I think that the number of potential URLs being changed in the registry by this PR could be high and I'm not sure if we want to stack that change in behavior on top of it [..]

I'm not suggesting we rename all entities.
In Slack, the rough direction we were discussing was:
For all files that conflict, rename and disambiguate them, but only them.
This PR diverges from that slightly in that the first of the files in a conflict group will not be renamed, but the ones that follow will be renamed—provided that they're a different kind (function, module, etc.).
I don't have a strong preference for the originally discussed behavior ("rename all conflicting files") versus what this PR implements right now.

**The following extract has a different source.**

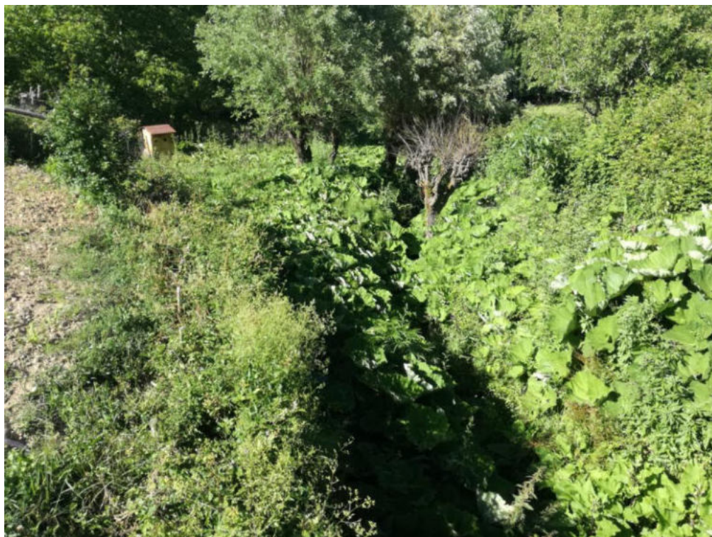
Int. 4.1.8 Fosso Cancellò NORD: 40°03'37.41" EST: 16°01'18.31"

I'm suggesting we increase the scope of this change from the conflict from the original bug report to conflicts in these file names in general.
I suspect it's not much more added complexity to change the conflict resolution code to append a 1, 2, 3 suffix for same-kind conflicts. For example:

seen := make(map[string]struct{})
nameFor := func(name, kind string) (result string) {
    // Always put the final result into the map.
    defer func() { seen[result] = struct{}{} }()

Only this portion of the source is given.